Весёлая же-же… (сборник)
Шрифт:
Михаил тоже решил перейти на «ты». Отчего бы нет?
По дороге он купил фруктов. Дверь ему открыла заплаканная Варя. В квартире пахло лекарствами, затхлым, спёртым, душным запахом беды. Кремниев знал, как пахнет горе. Как пахнет несчастье. Знал, как пахнет сама смерть.
– Вы без берушей? – отчего-то спросила Михаила Варя.
– Без них, – смутившись от такой заботливости, кивнул Михаил.
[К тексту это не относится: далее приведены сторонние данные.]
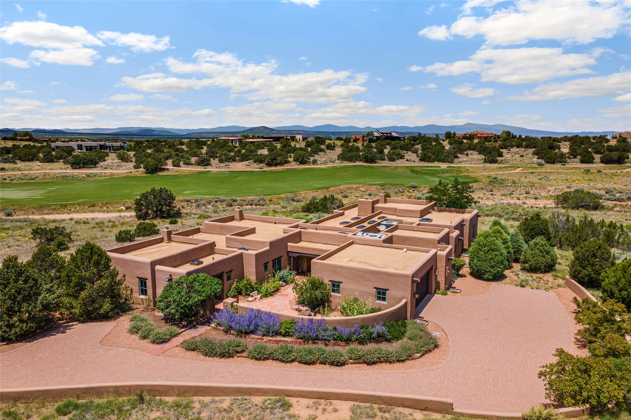 This home is the epitome of Refined Santa Fe Elegance, with 4 Bedrooms, 4.5 baths, 4 Fireplaces, No Steps and panoramic views of Sandia Mountain & the Fourth Fairway of the Sunset Golf Course, at the end of a cul-de-sac in Gated Las Campanas. An expansive hallway for artwork features 2 sets of French doors that open to the wrap-around portal for dining & relaxing which extends to the Living Room, also showcases the golf course view. The Gourmet Kitchen includes Viking appliances, an over-size island with prep sink, menu-planning desk & Butler's Pantry with wine cooler. The Main Bedroom suite offers a luxurious Spa Bath with large shower & whirlpool tub plus a walk-in closet worthy of a designer retail store. Bedroom Two is sequestered from the Main and has an en-suite bath. Bedroom Three with en-suite bath is adjacent to the Main and currently used as an office. Bedroom Four offers total privacy, as an attached Casita with en-suite bath & mini-kitchenette. The expansive brick Portal off the gallery hall includes a built-in BBQ & impressive fireplace, providing the perfect venue for entertaining, dining, relaxing or savoring the panoramic golf course & Sandia Mountain views. The Two-car Garage has eliminated garage clutter, with 29 feet of handsome cabinets plus a power wall to store bicycles, skis & other outdoor equipment. Come see why this 4-Bedroom home with Golf & Mountain views is the perfect embodiment of elegant Santa Fe resort living.

Варя провела его в маленькую, затемнённую комнатку.
На разложенном диванчике под ватным одеялом лежала ещё не старая
– Мам, – позвала дочь.
Женщина с трудом приоткрыла глаза.
– Вот, Михаил, познакомься.
В глазах женщины блеснуло подобие любопытства, она даже попыталась улыбнуться.
«Как похожи их улыбки, – подумал Михаил. – Как жаль Варю… и её маму. И сына!»
– Маму зовут Елена Сергеевна, – пояснила Варя, поправляя одеяло на постели у больной.
Михаил протянул объёмный пакет Варе.
– Там фрукты и грибы. Опята.
– Опята? – произнесла Елена Сергеевна. Было понятно, как женщине с трудом дается каждый звук. – С удовольствием съем… грибочек. Мой бывший муж знатным был грибником.
– Почему был, мама! Он и сейчас есть. Где-то.
– Да, где-то, наверное, есть… Михаил… Михаил, я слышала, вы любите читать книги?
– Люблю.
– Моя бабушка, как и мама, – библиотекарь, – похвастался Сашка.
– Архивариус, внук, архивариус, – прошептала больная.
– А какая разница, бабушка?
Больная лишь раскашлялась в ответ.
– Михаил… Варя, – Елена Сергеевна снова заговорила. – Я хочу, чтобы у вас всё получилось. А Саша, Михаил, Саша – хороший мальчик, послушный.
– Мама. У нас с Михаилом ничего нет. Ты о чём? – Щёки Вари зардели. Она приподняла маме голову, поднесла к ее рту ложку с лекарством. – И вообще, быть может, Михаил…
– Я холост, – ответил Кремниев, предупредив вопрос.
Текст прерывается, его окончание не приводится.